Without the pictures, retype each line below exactly as it stands.

Provided data
##########
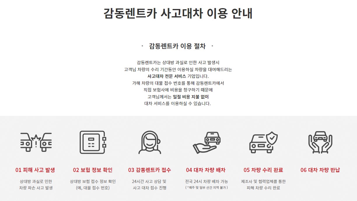 세종사고대차 렌트카 '감동렌트카' 주요 서비스 항목
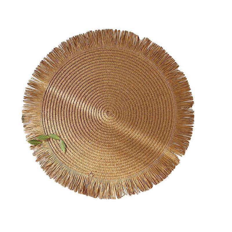 Round Braided Placemats Fringe Paper Table Mats Hand Woven Non-slip Insulation Place Mats Tea Cup Pad Dining Table Decorations
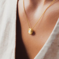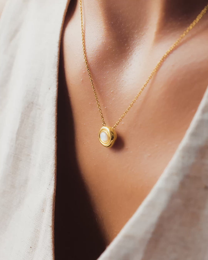 Inspired by vintage classics, our Pearl Molten Necklace blends an organic silhouette with timeless style. Featuring a fluid molten finish and a luminous mother of pearl centre, this unique piece adds a touch of understated luxury to your everyday look. Plated in 18k gold and fixed on a delicate chain, it’s perfect for layering or wearing solo for effortless elegance.
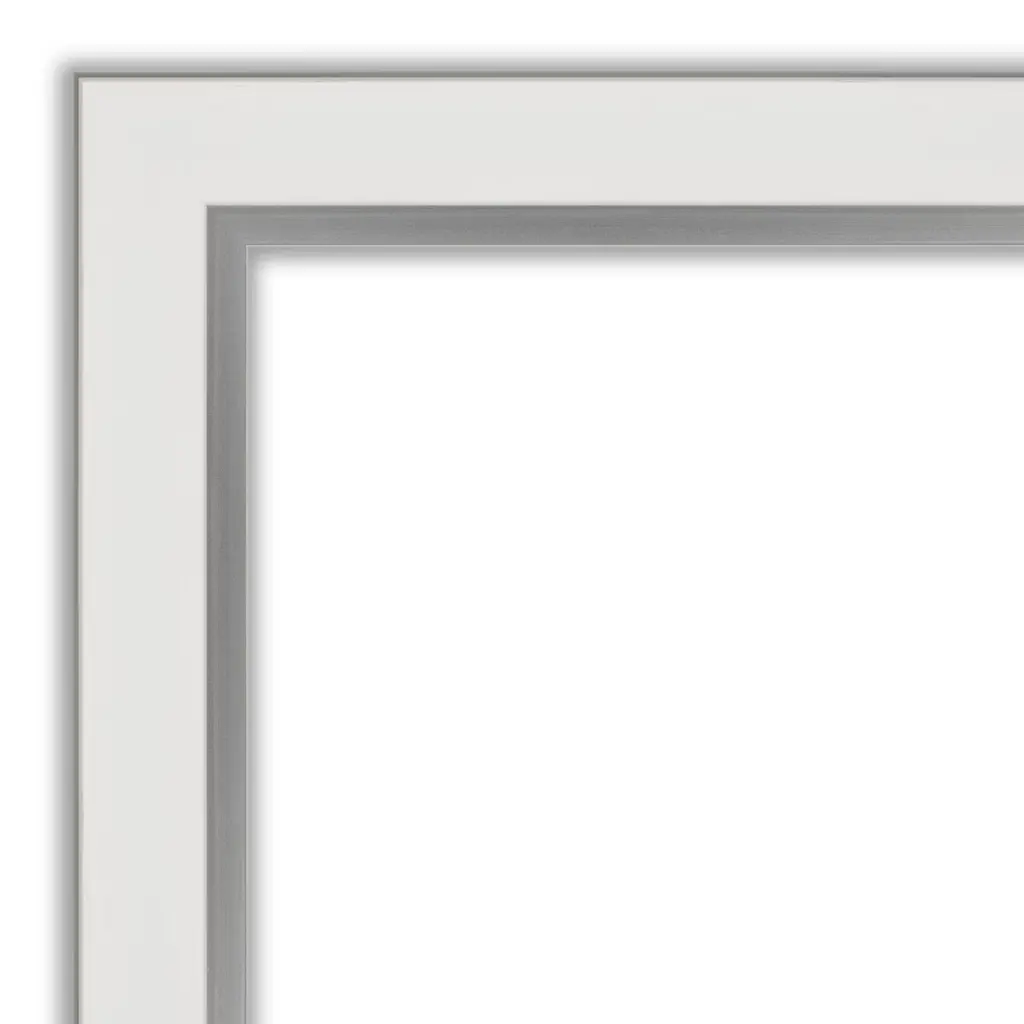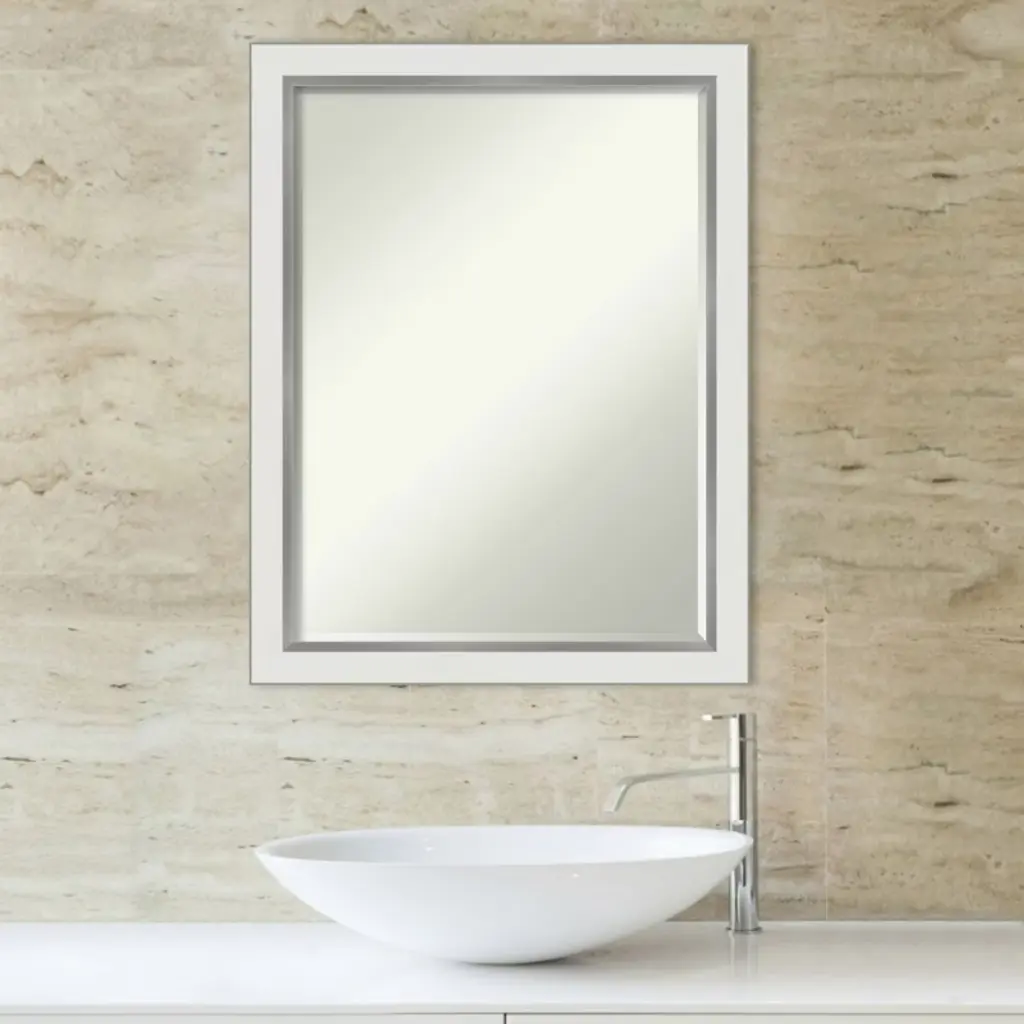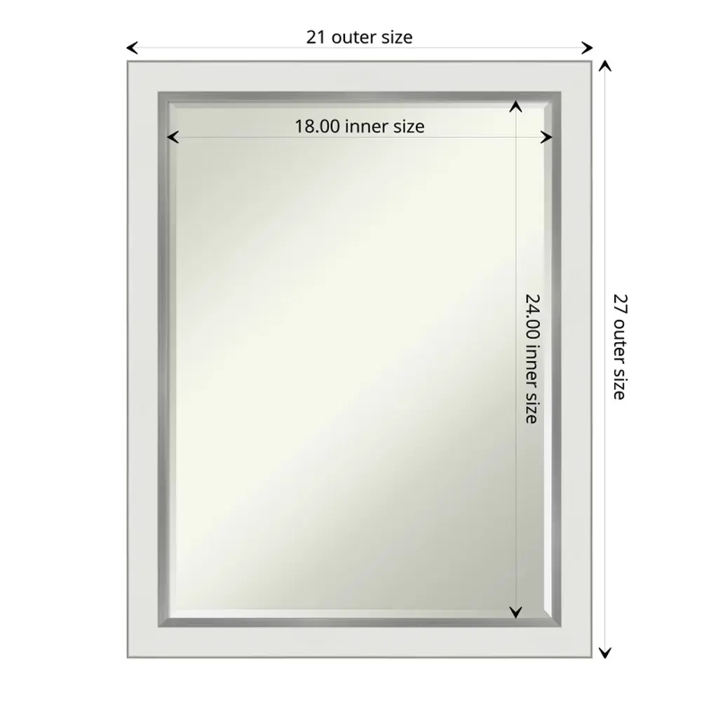 Amanti Art Eva White Silver Narrow Petite Bevel Bathroom Wall Mirror 27 X 21 In.
##########
Result
 세종사고대차 렌트카 '감동렌트카' 주요 서비스 항목
 Round Braided Placemats Fringe Paper Table Mats Hand Woven Non-slip Insulation Place Mats Tea Cup Pad Dining Table Decorations
 Inspired by vintage classics, our Pearl Molten Necklace blends an organic silhouette with timeless style. Featuring a fluid molten finish and a luminous mother of pearl centre, this unique piece adds a touch of understated luxury to your everyday look. Plated in 18k gold and fixed on a delicate chain, it’s perfect for layering or wearing solo for effortless elegance.
 Amanti Art Eva White Silver Narrow Petite Bevel Bathroom Wall Mirror 27 X 21 In.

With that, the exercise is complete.